Most optimization tools make individual instructions faster. SelfAware works one level higher. It analyzes execution pathways, identifies which parts of runtime are fixed and which change with the input, and then restructures execution so performance, predictability, and energy efficiency improve together.
SelfAware Compute happens before standard compilation, so it can optimize execution structure rather than only optimizing the instructions produced from an already-fixed structure.
A compiler is excellent at making a given structure more efficient. SelfAware addresses a different question: is the execution structure itself the right one for the workload, the input, and the target environment?
Inlining, vectorization, loop unrolling, and register allocation all help inside a mostly fixed program shape.
SelfAware optimizes pathways, identifies the work that drives runtime, and reorganizes execution end-to-end for better scaling and lower waste.
That distinction matters because optimization effort should go where it can actually change outcomes. If you only look at total runtime, you know a program is slow. If you separate static and variable time, you know why.
Static time is the part of execution that does not materially change with the input. Setup work, fixed control logic, and loops whose bounds do not vary with the input all tend to live here.
Variable time is the part of execution that changes because input attributes change loop iterations, recursion depth, memory activity, parsing effort, or other repeatable work. This is where runtime really moves.
SelfAware shifts the unit of optimization from a local code fragment to the complete execution pathway the program takes through branches, calls, and loop structures.
SelfAware lets you hold all other input attributes constant and vary one at a time, so you can see exactly how that variable affects runtime, memory, or output.
Real software spends time in places that hide scaling behavior. SelfAware surfaces that hidden work so runtime is modeled honestly, not optimistically.
Calls such as malloc or calloc may not look like loops in source code, but their cost still scales with the amount and frequency of allocation. SelfAware treats that as execution work that should be modeled, not ignored.
Reading, writing, scanning, and parsing all grow with bytes, records, and input shape.

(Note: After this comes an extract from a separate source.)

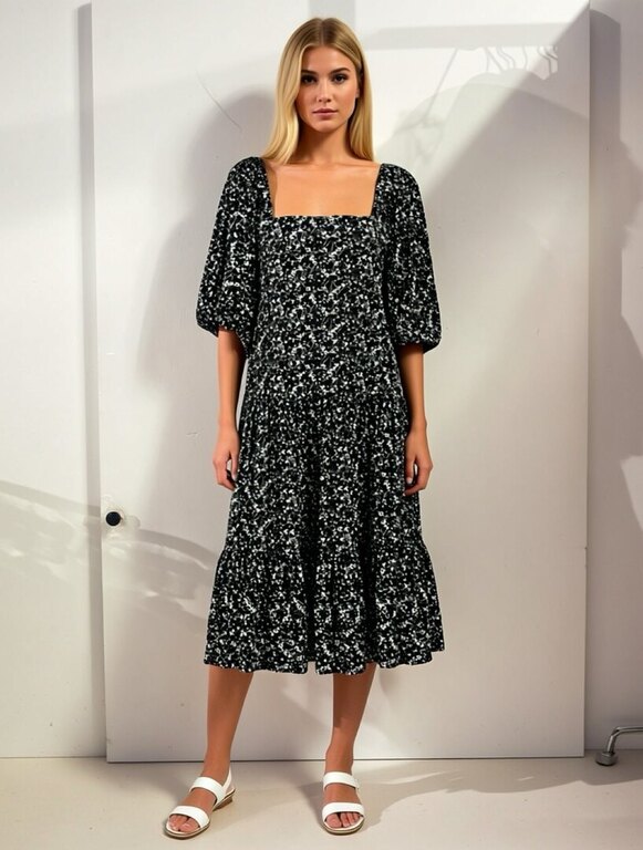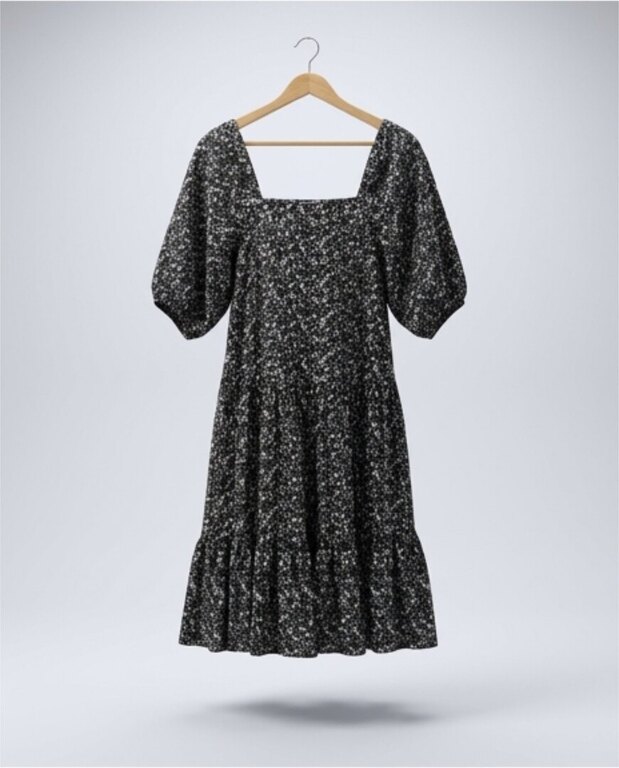 Täydellinen mekko moneen menoon. Ilmavat hihat ja neliönmuotoinen pääntie. Materiaali 100% puuvilla. Valmistaja Ivana Helsinki.

That means they can drive runtime in the same way visible loops do.
Certain mathematical or structural patterns hide iterative behavior behind clean syntax. SelfAware surfaces that hidden cost so runtime is modeled honestly.
The value of SelfAware is not just that it can uncover safe parallelism. It is that it provides a way to understand what code will execute, which input attributes drive runtime, how scaling will behave, and where optimization effort will actually move the needle.
SelfAware explains why execution time changes and which inputs are responsible.
SelfAware exposes pathway-level structure, variable-time work, and input-driven scaling behavior that compilers rarely model directly.